Why does python not have a mechanism for data hiding?

Antoon Pardon apardon at forel.vub.ac.be
Wed Jun 4 14:02:01 CEST 2008


On 2008-06-04, NickC <ncoghlan at gmail.com> wrote:
> On May 26, 7:32 am, "Joe P. Cool" <joe.p.c... at googlemail.com> wrote:
>> I saw this "don't need it" pattern in discussions about the ternary
>> "if..else" expression and about "except/finally on the same block
>> level".
>> Now Python has both.
>
> if/else was added solely because people kept coming up with ways of
> embedding a pseudo conditional inside expressions and writing buggy
> code in the process. All it really saves you in practice is a bit of
> vertical whitespace, so, no, you still don't need it - but if you
> insist on doing it, at least there's now an easy way to do it
> correctly.

If I remember correctly it was added because one of the python
developers was bitten by a bug in the standard library code
that was caused by the use of the and-or emulation, mentioned
in the FAQ.

And although one indeed doesn't need this. There are a lot
of things in Python one doesn't need. Python could be limited
to single operator expressions. You don't need:

    x = a * b + c

You can write it just like this:

    x = a * b
    x = x + c


And if you want a list comprehension like the following:

    ls = [ x * x + 4 for x in xrange(10)]

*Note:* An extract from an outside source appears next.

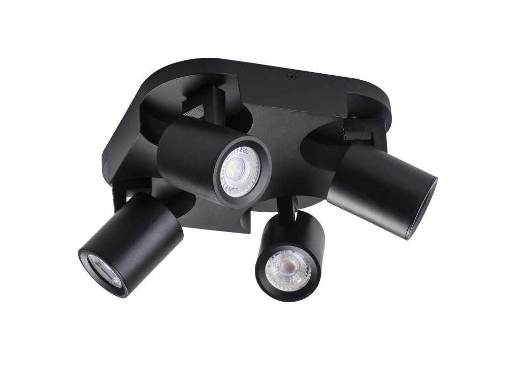 Bodové přisazené svítidlo Kanlux LAURIN EL-4O B pro čtyři žárovky GU10/230V. Těleso svítidla je široce nastavitelné ve vertikálním i horizontálním směru a snadno tak nasvítíte předmět, který chcete zviditelnit.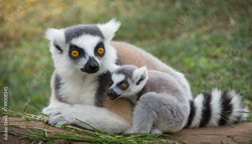 © juanorihuela, Fototapeta premium Lemur mom and her adorable baby

You can of course write it as follows:

    def sqrplus4(a):
      rs = a * a
      return rs + 4

    ls = [sqrplus4(x) for x in xrange(10)]


Now of course noone would defend such a limitation on the grounds
that one doesn't need the general case and that the general case
will only save you some vertical space.

But when it came to the ternary operator that was exactly the
argument used, to defend the lack of it.

>> > In Python, the philosophy "we're all consenting adults here" applies.
>>
>> Please don't sell a missing feature as a philosophy. Say you don't
>> need/want
>> it. But don't call it philosophy.
>
> Gosh, and here I thought treating programmers as non-idiots was
> actually one of the guiding philosophies in the discussion on python-
> dev. 

I have heard the argument: "Such a feature will be abused too easily"
and similar too many times to find this credible.